[Records from a dataset]
◇ ◇ ◇ ◇ ◇

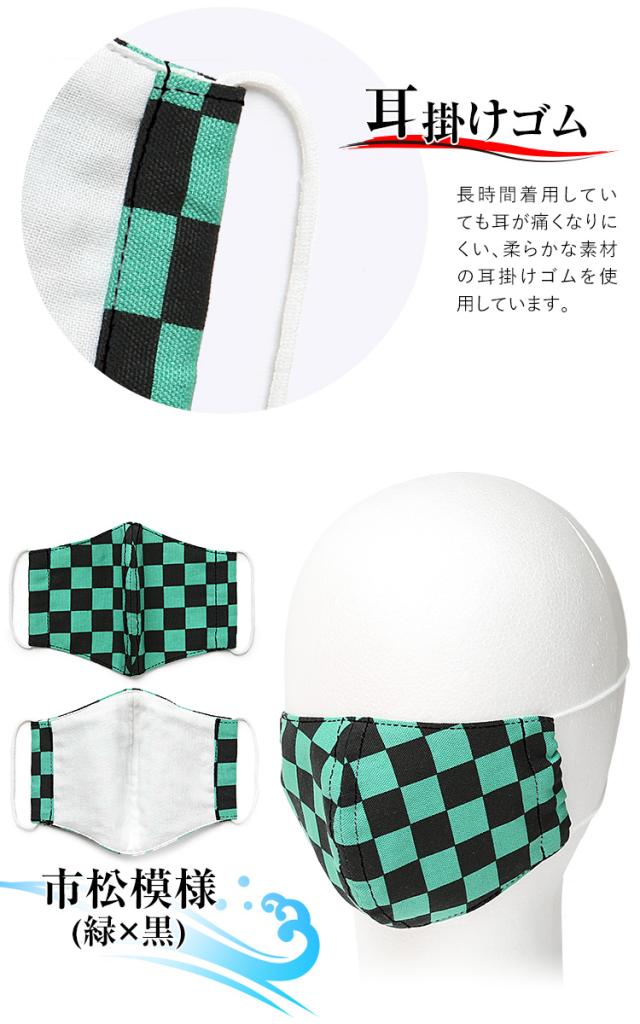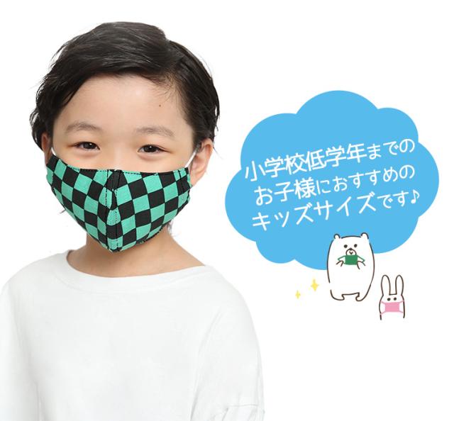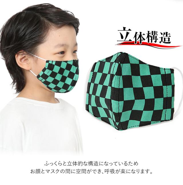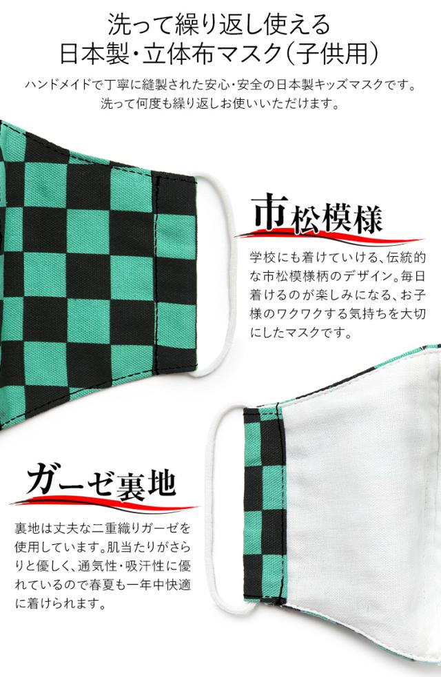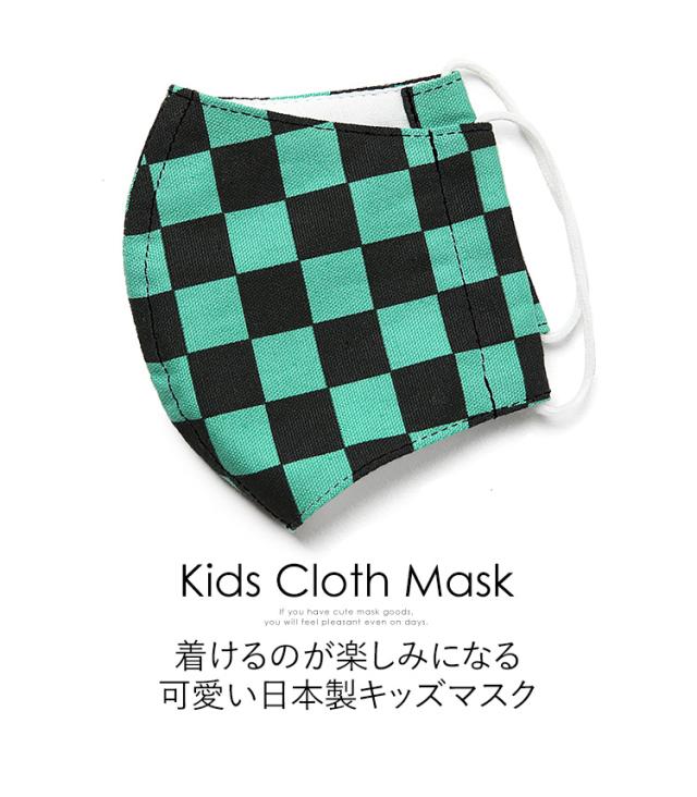 マスク 子供用 日本製 洗える 鬼滅の刃 きめつのやいば 鬼滅 炭治郎 布製 布マスク ガーゼ 在庫あり 夏 通気性 軽量 立体 子ども用 こども キッズ おしゃれ かわいい 大きめ 小さめ 水洗い可能 痛くない 和柄 生地 市松模様 グリーン チェック MA-S-03 ゆうパケット対応
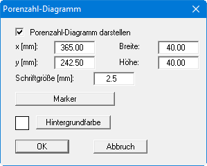 In der Dialogbox dieses Menüeintrages können Sie nach Aktivierung des Knopfes "Porenzahl-Diagramm darstellen" die Darstellungsform der Grafik auf Ihrem Ausgabeblatt verändern.
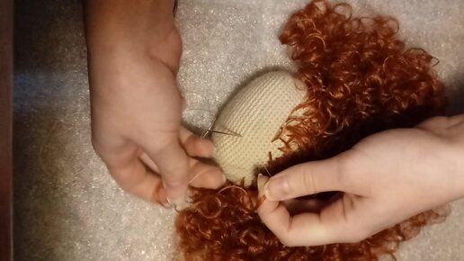 Как крепить магазинные кудри к вязаной голове куклы
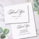 Diese schlichte, elegante Schwarz-Weiß-Hochzeitskarte bietet ein minimalistisches Layout, das lustige, skurrile Schrift-Typografie und klassische Serif-Schriftart in Schwarz auf schlichtem, weißem Hintergrund kombiniert und ein modernes, zeitloses Design mit Vintagem Flair ermöglicht. Der Dankeschön-Text auf der Vorderseite und im Inneren der Karte ist in einem romantischen handgeschriebenen Kalligraphie-Schriftart mit skurrilen Schnörkeln mit den unten angegebenen anpassbaren Details geschrieben. Die Rückseite der Karte ist minimal weiß. Sie können den Text in der Produktvorlage bearbeiten, um ihn für Ihre eigene Hochzeit zu personalisieren.
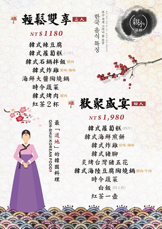 親水河畔菜單如下,每人低消250元很容易達成而且不收服務費耶!菜色除了一開始提到的韓式豬腳,其實連經典的韓式人蔘雞湯鍋也有,一問之下原來闆娘是道地的首爾人呀,直接復刻韓國家鄉味過來台灣這樣啦~難怪能做出一般台中韓式料理比較少見到的餐點哦~
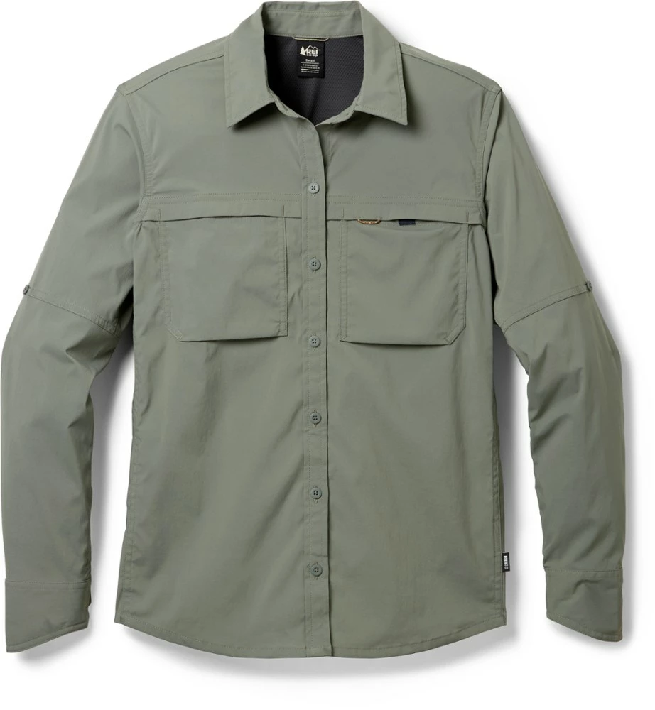 Beloved by thru-hikers and day hikers alike for its cool comfort and adjustable coverage, the women’s solid REI Co-op Sahara shirt travels well, too— it packs small and dries fast.
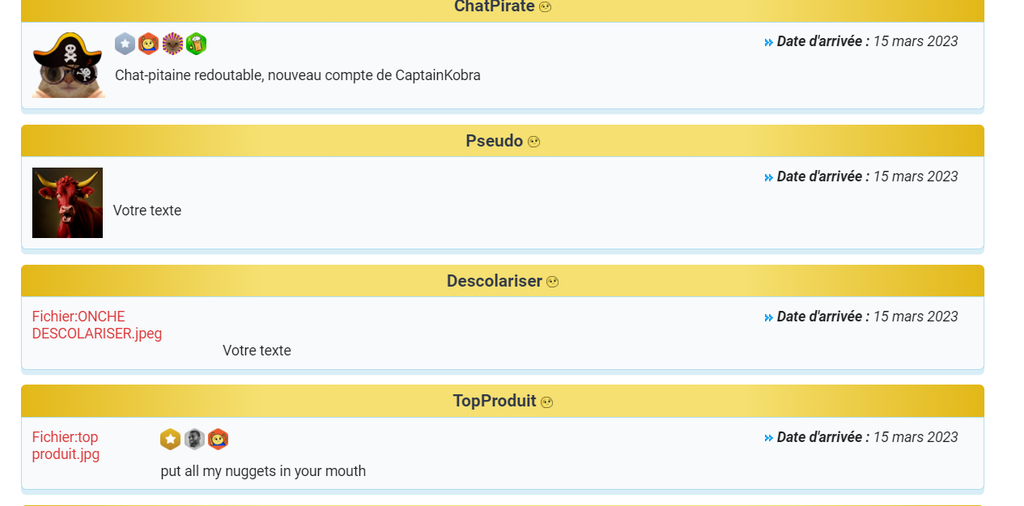 @ChocoRat bon, j'ai tenté le truc, pas sûr que ça soit concluant, c'est où qu'on précise qu'on a uploadé notre avatar ?
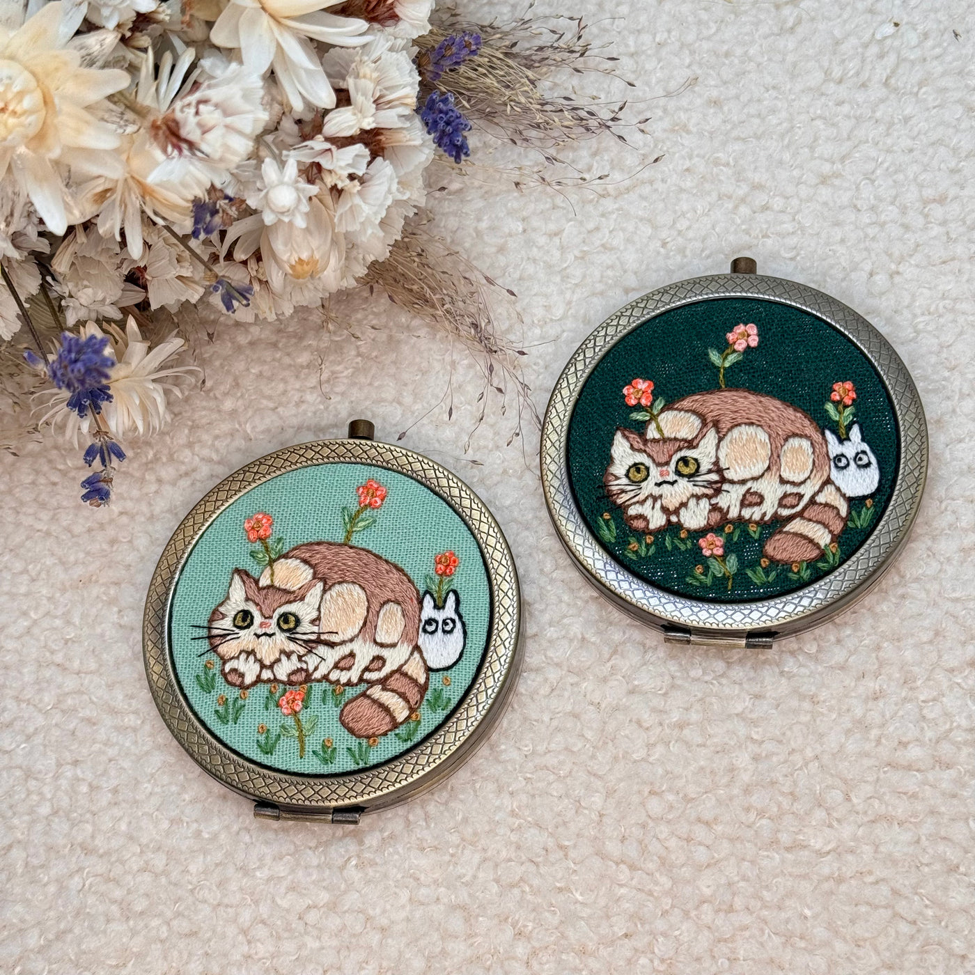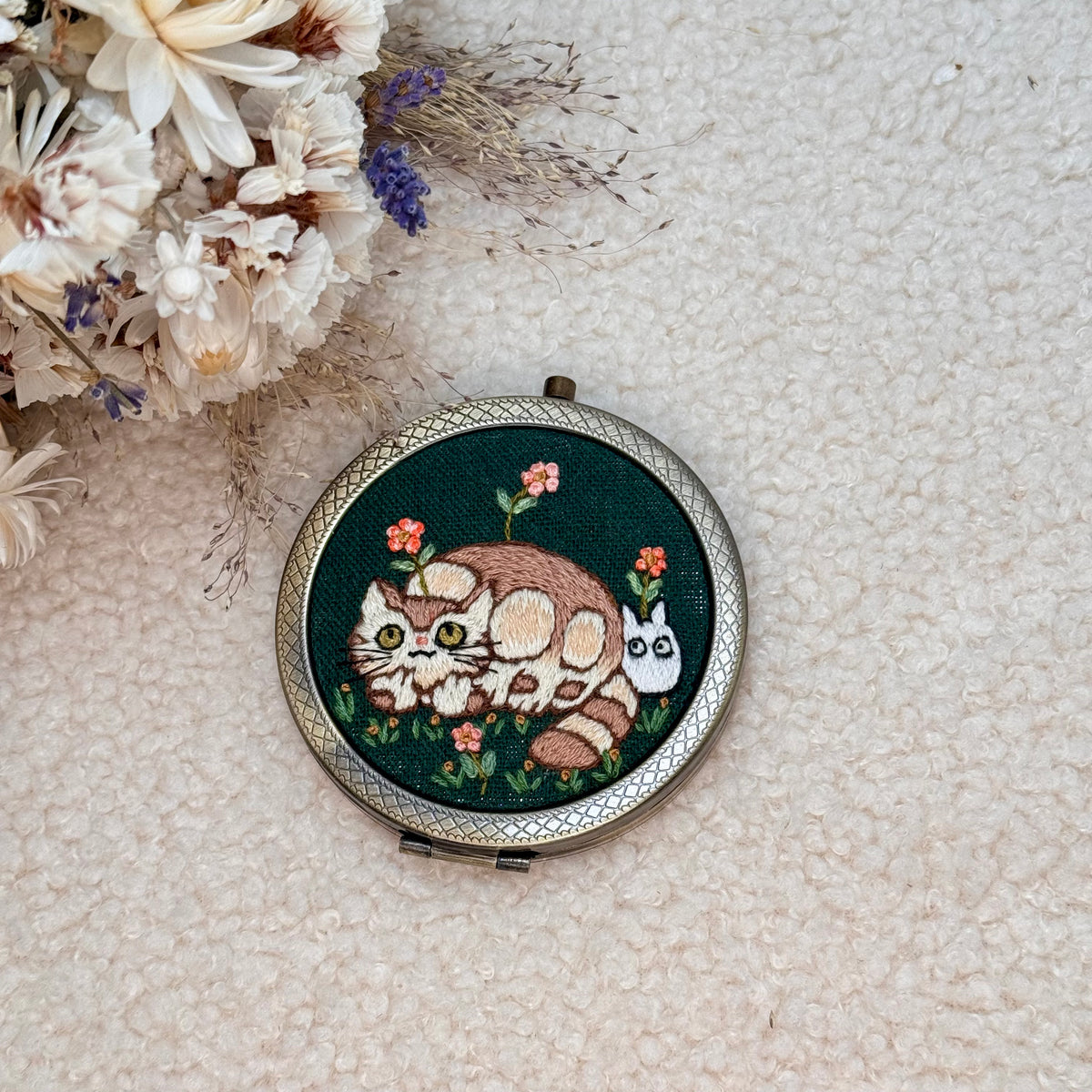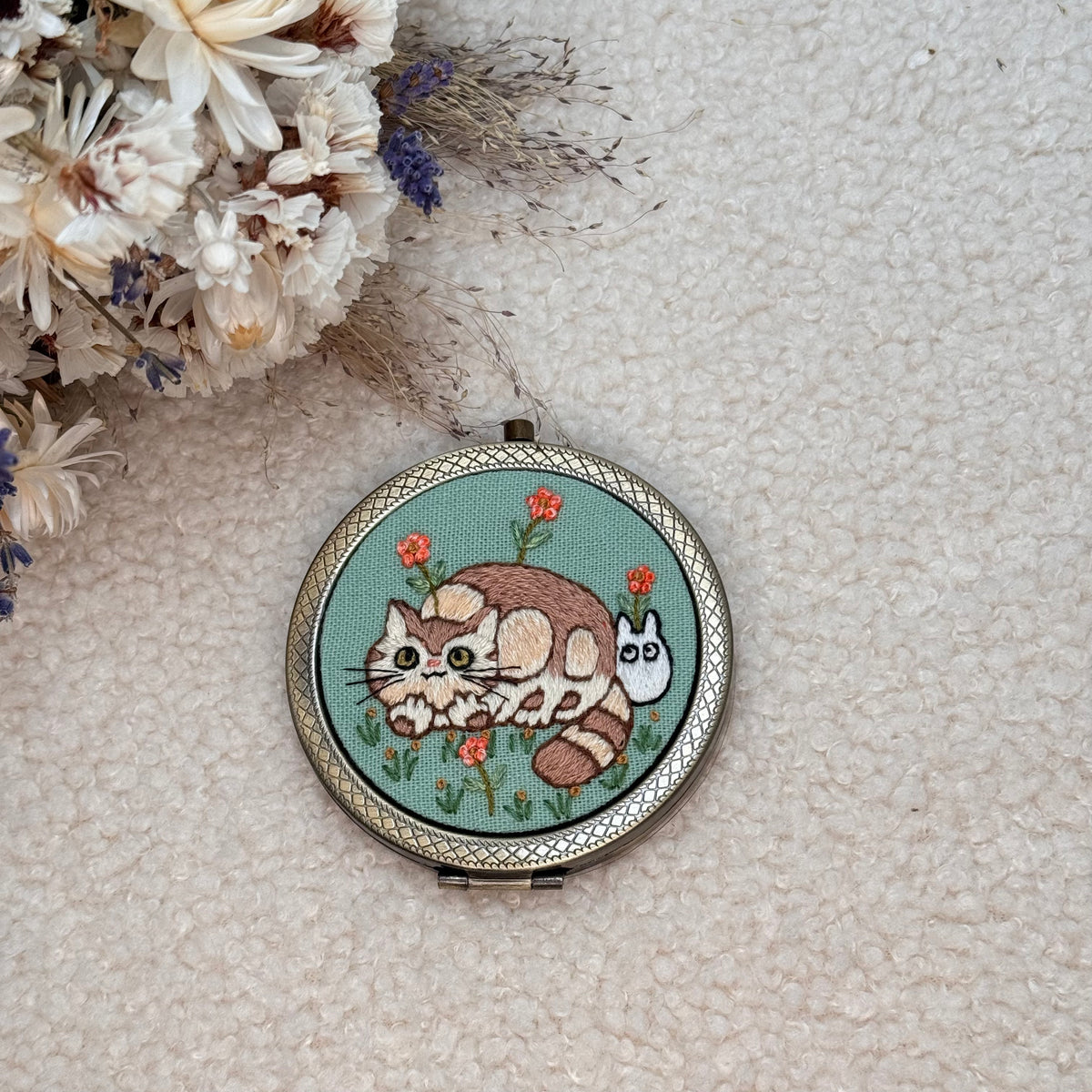 Tämä kompakti peili on päällystetty käsinkirjailtulla kankaalla, jossa on hurmaavia anime-aiheisia yksityiskohtia – jokainen kappale on kuin pieni pala suosikkitarinaasi.

◇ ◇ ◇ ◇ ◇

(EXERCISE):
Write out exactly the stretch of lines that begins with the line containing "Beloved by thru-hikers" and ends with the last line of the records above, leaving out the pictures.

(SOLUTION FOR THIS PROBLEM):
 Beloved by thru-hikers and day hikers alike for its cool comfort and adjustable coverage, the women’s solid REI Co-op Sahara shirt travels well, too— it packs small and dries fast.
 @ChocoRat bon, j'ai tenté le truc, pas sûr que ça soit concluant, c'est où qu'on précise qu'on a uploadé notre avatar ?
 Tämä kompakti peili on päällystetty käsinkirjailtulla kankaalla, jossa on hurmaavia anime-aiheisia yksityiskohtia – jokainen kappale on kuin pieni pala suosikkitarinaasi.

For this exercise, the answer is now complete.